WHAT IS NEEDED: From the first line to the last, return the data exactly, with no pictures.

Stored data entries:
···
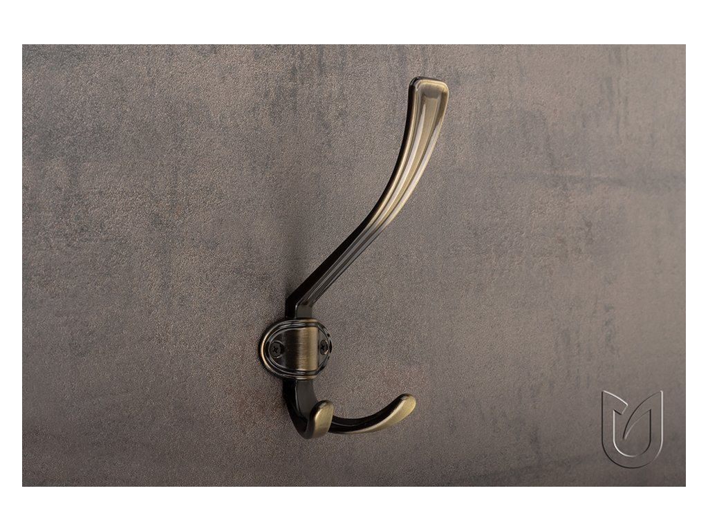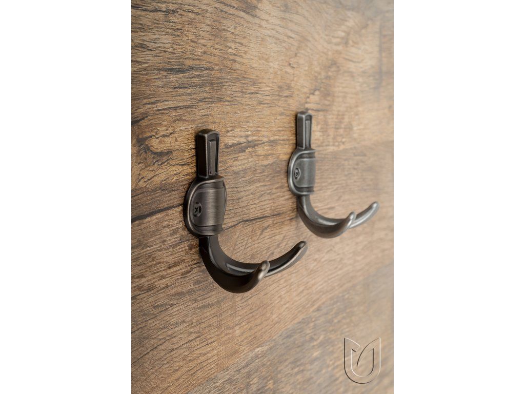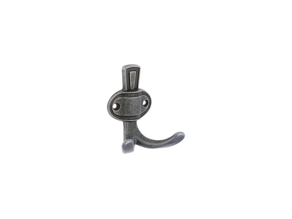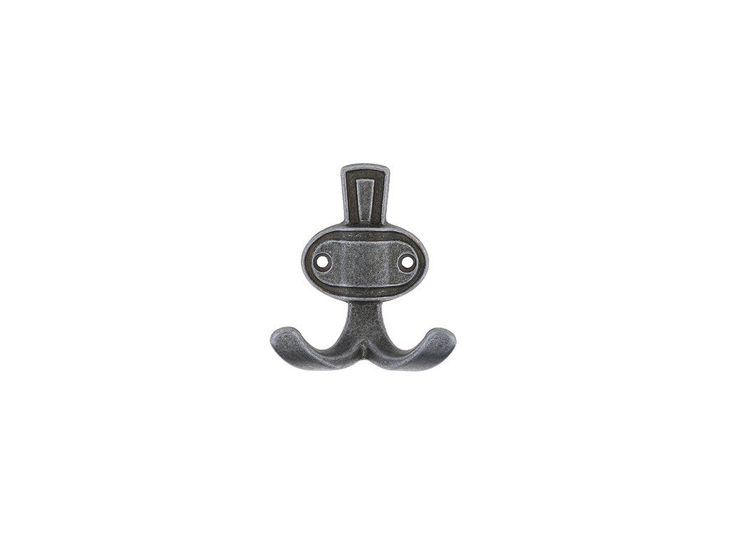 vešiak šírka 65 mm, výška 76, dĺžka 45 mm, povrch patinovaný kov.
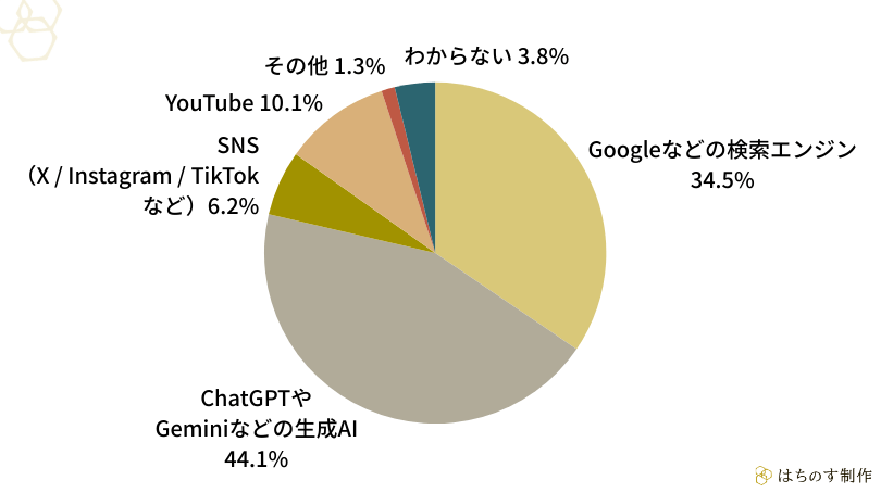 調べ物の出発点は依然検索エンジンが主流(56%)という結果でしたが、生成AIを最初に使う人も22%に達し、利用行動が多様化しつつあります。
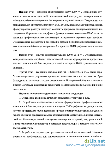 8. Апробированы научно-практические рекомендации в цикле графических дисциплин по формированию условий, направленных на развитие профессиональной мотивации, для становления профессиональных компетенций бакалавров-строителей. Разработаны и применены в учебном процессе курса «Инженерная графика» Братского государственного университета следующие педагогические мероприятия профессионально-мотивирующего обучения: введение в учебный курс инженерной графики тщательно проработанных и классифицированных примеров использования графической информации в архитектурной и строительной деятельности человечества, начиная от древнего мира до современных дней, что значительно активизирует интерес студентов к изучаемой дисциплине и будущей профессиональной деятельности; организация поэтапного усвоения материала дисциплины в привязке к применению в профессиональной деятельности, с помощью профессионально-ориентированных упражнений, тестов и задач; анализ усвоения полученных знаний, умений и навыков, выявление, складывающейся у студентов самооценки о владении полученными знаниями; создание условий для проявления активности студентов, на примере деятельности студенческого конструкторского бюро.
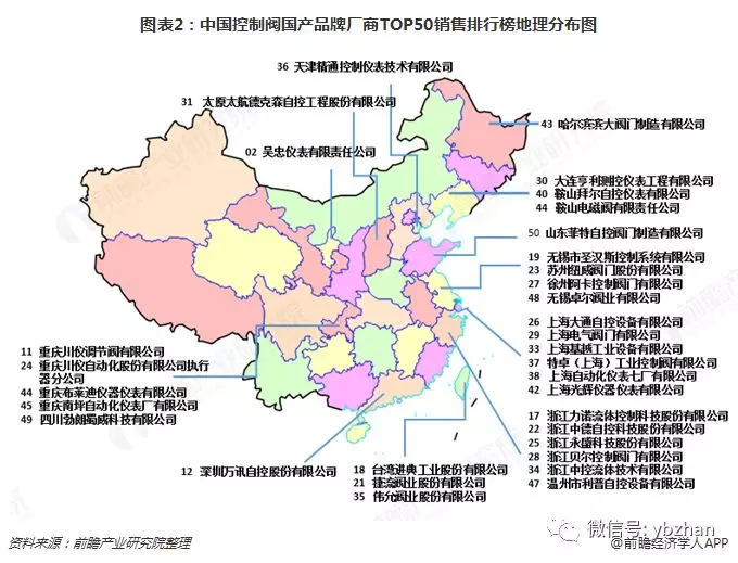 我國(guó)控制閥行業(yè)領(lǐng)先國(guó)產(chǎn)品牌基本分布在東部地區(qū)
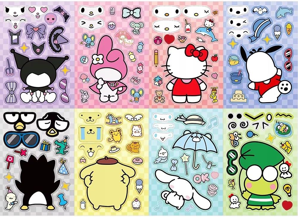 Miniaturka przedstawia realne zdjęcie sprzedawanego przedmiotu: Zestaw 8 szt kart do wyklejania z Kurmi, Hello Kitty, Cinamonrol, My Melody i inni Zawiera 8 kart do wyklejania Każdą kartę można wykleić na wile sposobów Zapewnia świetną rozrywkę dla Twojej pociechy jak i Ciebie Każde dziecko uwielbia naklejki zwłaszcza gdy samo decyduje jak ma wyglądać ulubiony bohater
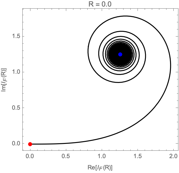 In the limit \(R \to \infty\), the partial integral \(I_F(R)\) runs over an Euler spiral in the complex plane converging to the point \((1+i) \sqrt{\pi / 2}\) (see Fig. 2).
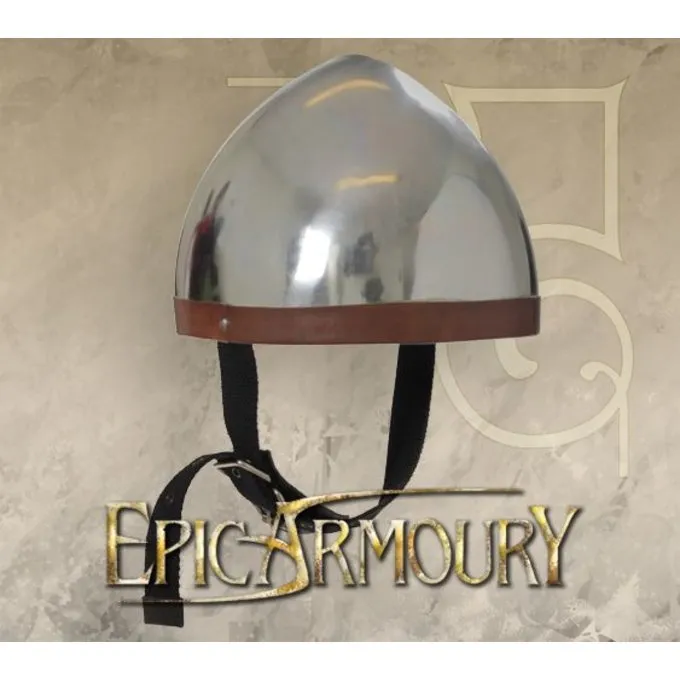 En praktisk middelalderlig grundlæggende hjelm, velegnet til bueskytter eller til lejlighedsvis brug. Hjelmen er lavet efter den velkendte Norman Hjelme with næseskinne. De var meget populære mellem den 9. og 14. århundrede, og de blev båret over hele Europa. De er afbildet på bl.a. Bayeuxtapetet.
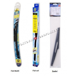 Stěrače FLAT SET (sada 2 ks na celé auto). Vysoce kvalitní pružný člen plochého stěrače zajišťuje stejnoměrný tlak grafitového břitu v celé jeho délce, což zamezuje rozmazávání nečistot a vytváření pruhů.
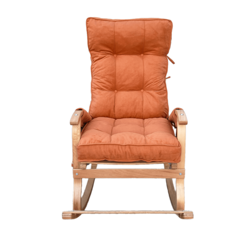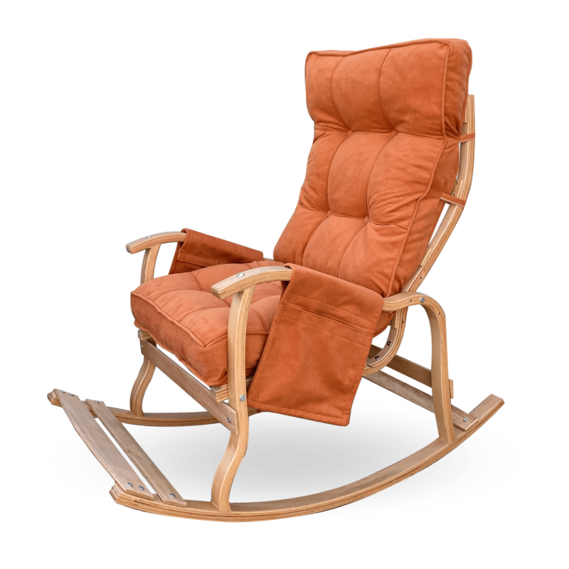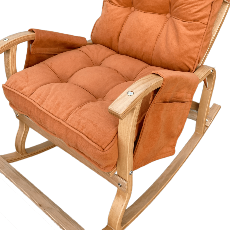 Mobildeco CEVİZ Sultan Lüx Ahşap Sallanan Sandalye Çift Renk ve Çift Cepli KİREMİT/KİREMİT
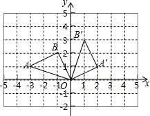 解:如图所示:△A′B′O即为所求,A′坐标为:(2,1).
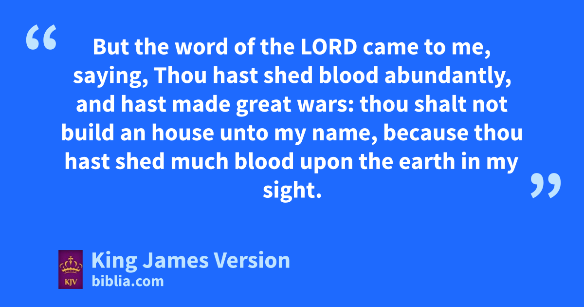 6 Then he called for Solomon his son, and charged him to build an house for the Lord God of Israel. 7 And David said to Solomon, My son, as for me, git was in my mind to build an house hunto the name of the Lord my God: 8 But the word of the Lord came to me, saying, iThou hast shed blood abundantly, and jhast made great wars: thou shalt not build an house unto my name, because thou hast shed much blood upon the earth in my sight. 9 Behold, a son shall be born to thee, who shall be a man of krest; and I will give him rest from all his enemies round about: for his name shall be ||Solomon, and I will give peace and quietness unto Israel in his days. 10 lHe shall build an house for my name; and mhe shall be my son, and I will be his father; and I will establish the throne of his kingdom over Israel for ever. 11 Now, my son, nthe Lord be with thee; and prosper thou, and build the house of the Lord thy God, as he hath said of thee. 12 Only the Lord ogive thee wisdom and understanding, and give thee charge concerning Israel, that thou mayest keep the law of the Lord thy God. 13 pThen shalt thou prosper, if thou takest heed to fulfil the statutes and judgments which the Lord charged Moses with concerning Israel: qbe strong, and of good courage; rdread not, nor be dismayed. 14 Now, behold, ||in my trouble I have prepared for the house of the Lord an shundred thousand talents of gold, and a thousand thousand talents of silver; and of brass and iron twithout weight; for it is in abundance: timber also and stone have I prepared; and thou mayest add thereto. 15 Moreover there are workmen with thee in abundance, hewers and ||workers of stone and timber, and all manner of cunning men for every manner of work. 16 Of the gold, the silver, and the brass, and the iron, there is uno number. Arise therefore, and be doing, and vthe Lord be with thee.
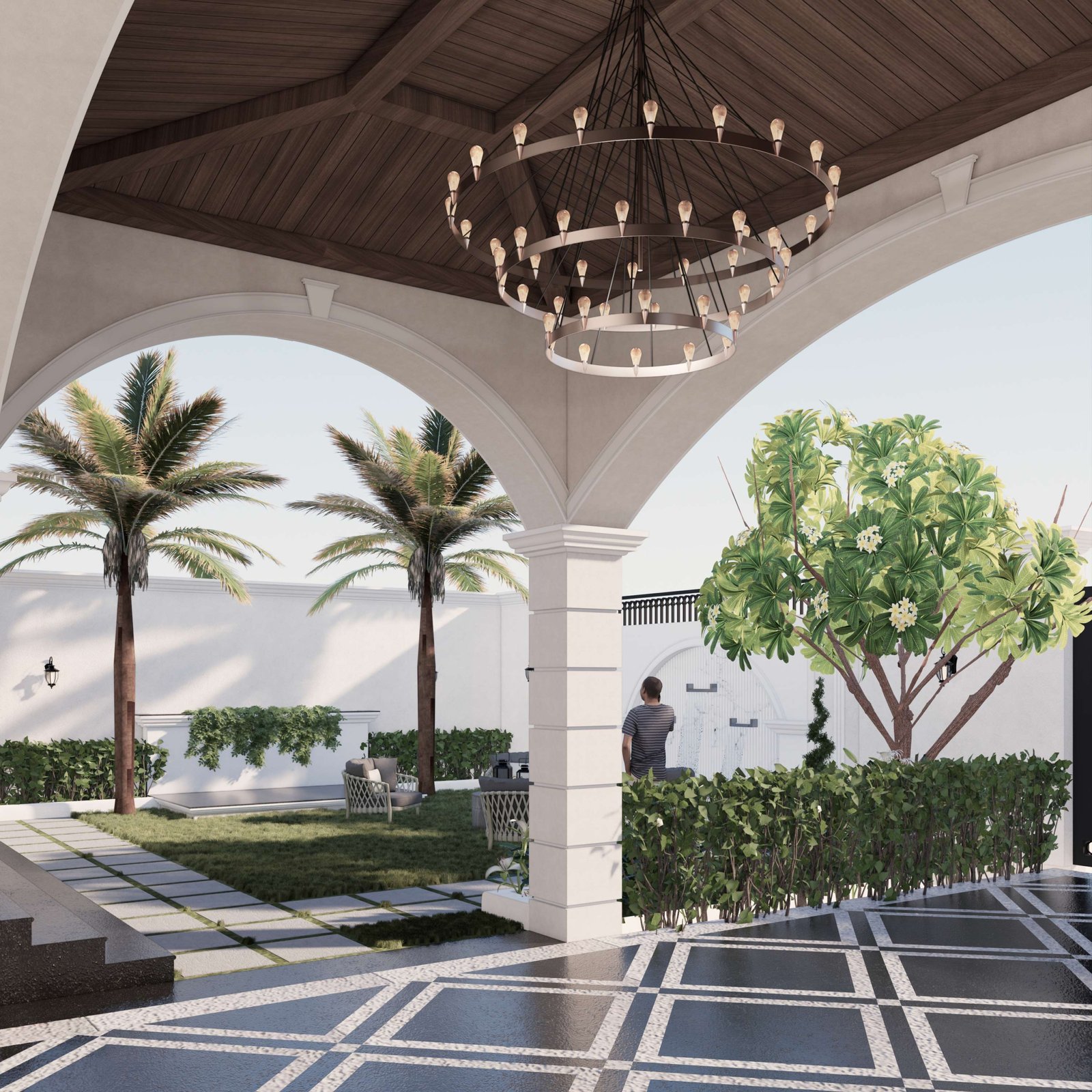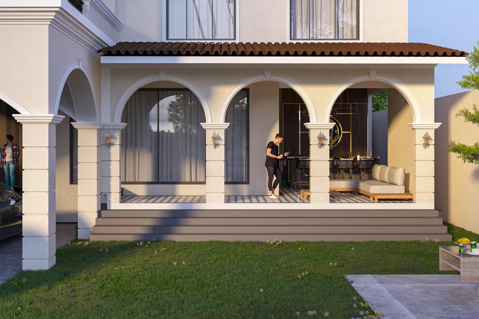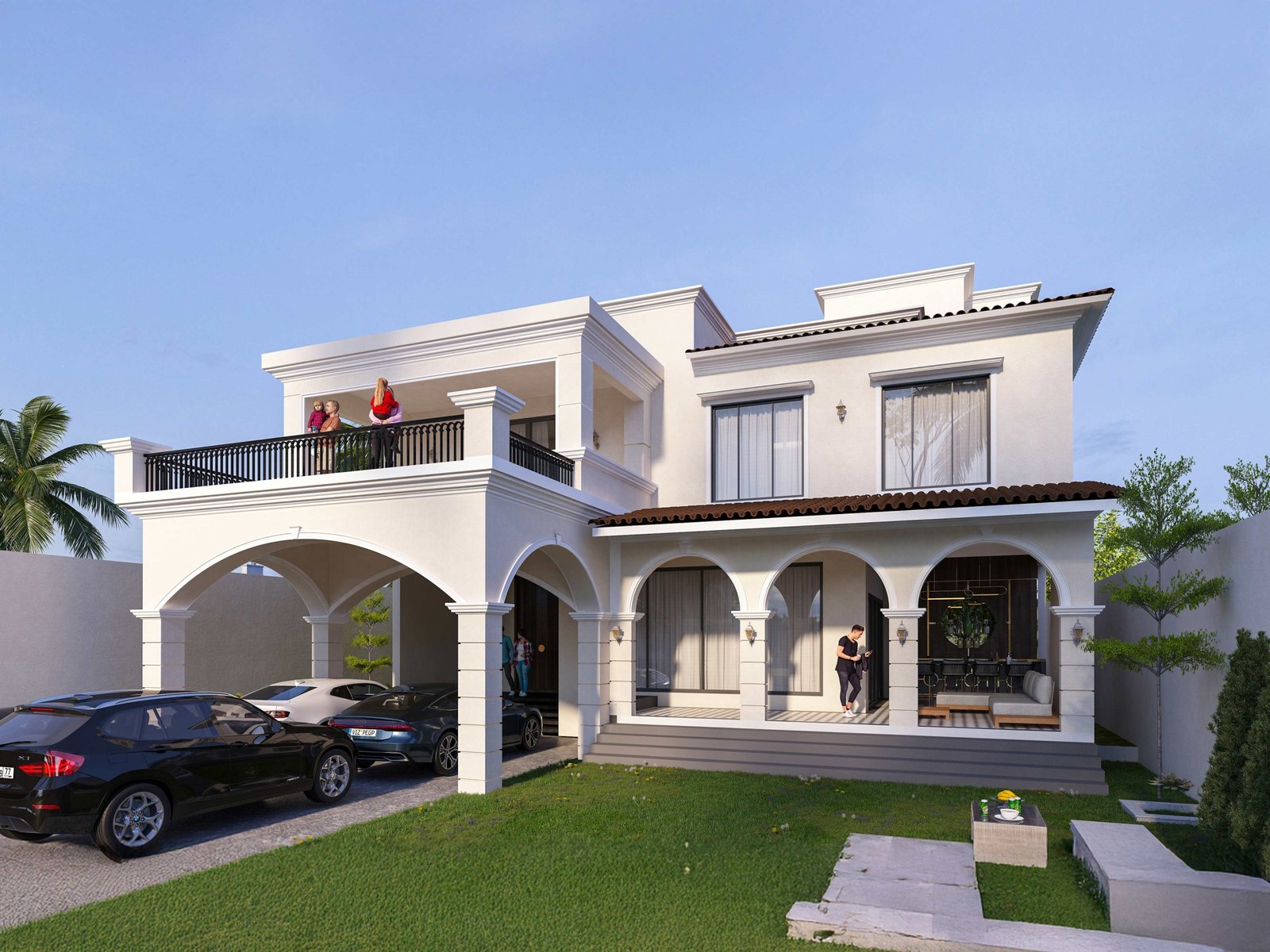 Generous colonnaded sit-outs and balconies form layered outdoor living spaces, allowing the residence to remain breathable and continuously connected to sea breezes, natural light, and the surrounding landscape. Soft, neutral façades provide a serene canvas, complemented by classic railings, arched openings, and textured finishes that add depth and understated elegance.
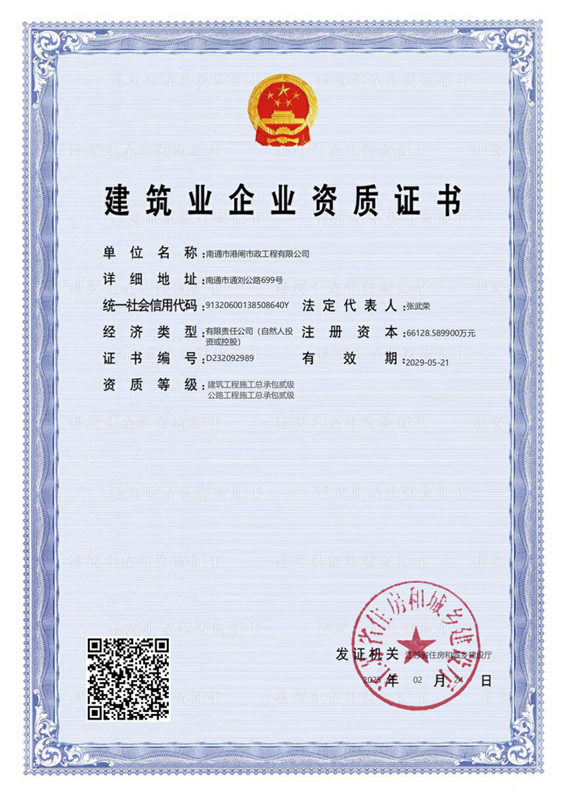 建筑業(yè)企業(yè)資質(zhì)證書(市政公用工程施工總承包壹級(jí))
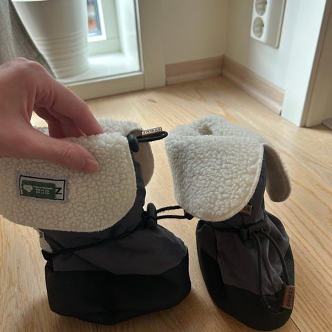 Avtakbart, lyst fleecefôr som gir ekstra varme. Egnet som overtrekkssko til små barn i vogn eller bæretøy i kaldt vær.
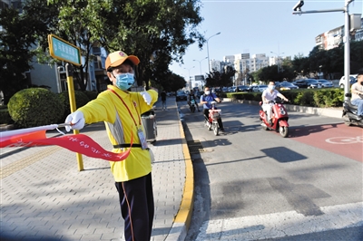 8月13日,馬家堡西路文明引導(dǎo)員在疏導(dǎo)交通。新京報(bào)記者 吳寧 攝
···
THE ANSWER:
 vešiak šírka 65 mm, výška 76, dĺžka 45 mm, povrch patinovaný kov.
 調べ物の出発点は依然検索エンジンが主流(56%)という結果でしたが、生成AIを最初に使う人も22%に達し、利用行動が多様化しつつあります。
 8. Апробированы научно-практические рекомендации в цикле графических дисциплин по формированию условий, направленных на развитие профессиональной мотивации, для становления профессиональных компетенций бакалавров-строителей. Разработаны и применены в учебном процессе курса «Инженерная графика» Братского государственного университета следующие педагогические мероприятия профессионально-мотивирующего обучения: введение в учебный курс инженерной графики тщательно проработанных и классифицированных примеров использования графической информации в архитектурной и строительной деятельности человечества, начиная от древнего мира до современных дней, что значительно активизирует интерес студентов к изучаемой дисциплине и будущей профессиональной деятельности; организация поэтапного усвоения материала дисциплины в привязке к применению в профессиональной деятельности, с помощью профессионально-ориентированных упражнений, тестов и задач; анализ усвоения полученных знаний, умений и навыков, выявление, складывающейся у студентов самооценки о владении полученными знаниями; создание условий для проявления активности студентов, на примере деятельности студенческого конструкторского бюро.
 我國(guó)控制閥行業(yè)領(lǐng)先國(guó)產(chǎn)品牌基本分布在東部地區(qū)
 Miniaturka przedstawia realne zdjęcie sprzedawanego przedmiotu: Zestaw 8 szt kart do wyklejania z Kurmi, Hello Kitty, Cinamonrol, My Melody i inni Zawiera 8 kart do wyklejania Każdą kartę można wykleić na wile sposobów Zapewnia świetną rozrywkę dla Twojej pociechy jak i Ciebie Każde dziecko uwielbia naklejki zwłaszcza gdy samo decyduje jak ma wyglądać ulubiony bohater
 In the limit \(R \to \infty\), the partial integral \(I_F(R)\) runs over an Euler spiral in the complex plane converging to the point \((1+i) \sqrt{\pi / 2}\) (see Fig. 2).
 En praktisk middelalderlig grundlæggende hjelm, velegnet til bueskytter eller til lejlighedsvis brug. Hjelmen er lavet efter den velkendte Norman Hjelme with næseskinne. De var meget populære mellem den 9. og 14. århundrede, og de blev båret over hele Europa. De er afbildet på bl.a. Bayeuxtapetet.
 Stěrače FLAT SET (sada 2 ks na celé auto). Vysoce kvalitní pružný člen plochého stěrače zajišťuje stejnoměrný tlak grafitového břitu v celé jeho délce, což zamezuje rozmazávání nečistot a vytváření pruhů.
 Mobildeco CEVİZ Sultan Lüx Ahşap Sallanan Sandalye Çift Renk ve Çift Cepli KİREMİT/KİREMİT
 解:如图所示:△A′B′O即为所求,A′坐标为:(2,1).
 6 Then he called for Solomon his son, and charged him to build an house for the Lord God of Israel. 7 And David said to Solomon, My son, as for me, git was in my mind to build an house hunto the name of the Lord my God: 8 But the word of the Lord came to me, saying, iThou hast shed blood abundantly, and jhast made great wars: thou shalt not build an house unto my name, because thou hast shed much blood upon the earth in my sight. 9 Behold, a son shall be born to thee, who shall be a man of krest; and I will give him rest from all his enemies round about: for his name shall be ||Solomon, and I will give peace and quietness unto Israel in his days. 10 lHe shall build an house for my name; and mhe shall be my son, and I will be his father; and I will establish the throne of his kingdom over Israel for ever. 11 Now, my son, nthe Lord be with thee; and prosper thou, and build the house of the Lord thy God, as he hath said of thee. 12 Only the Lord ogive thee wisdom and understanding, and give thee charge concerning Israel, that thou mayest keep the law of the Lord thy God. 13 pThen shalt thou prosper, if thou takest heed to fulfil the statutes and judgments which the Lord charged Moses with concerning Israel: qbe strong, and of good courage; rdread not, nor be dismayed. 14 Now, behold, ||in my trouble I have prepared for the house of the Lord an shundred thousand talents of gold, and a thousand thousand talents of silver; and of brass and iron twithout weight; for it is in abundance: timber also and stone have I prepared; and thou mayest add thereto. 15 Moreover there are workmen with thee in abundance, hewers and ||workers of stone and timber, and all manner of cunning men for every manner of work. 16 Of the gold, the silver, and the brass, and the iron, there is uno number. Arise therefore, and be doing, and vthe Lord be with thee.
 Generous colonnaded sit-outs and balconies form layered outdoor living spaces, allowing the residence to remain breathable and continuously connected to sea breezes, natural light, and the surrounding landscape. Soft, neutral façades provide a serene canvas, complemented by classic railings, arched openings, and textured finishes that add depth and understated elegance.
 建筑業(yè)企業(yè)資質(zhì)證書(市政公用工程施工總承包壹級(jí))
 Avtakbart, lyst fleecefôr som gir ekstra varme. Egnet som overtrekkssko til små barn i vogn eller bæretøy i kaldt vær.
 8月13日,馬家堡西路文明引導(dǎo)員在疏導(dǎo)交通。新京報(bào)記者 吳寧 攝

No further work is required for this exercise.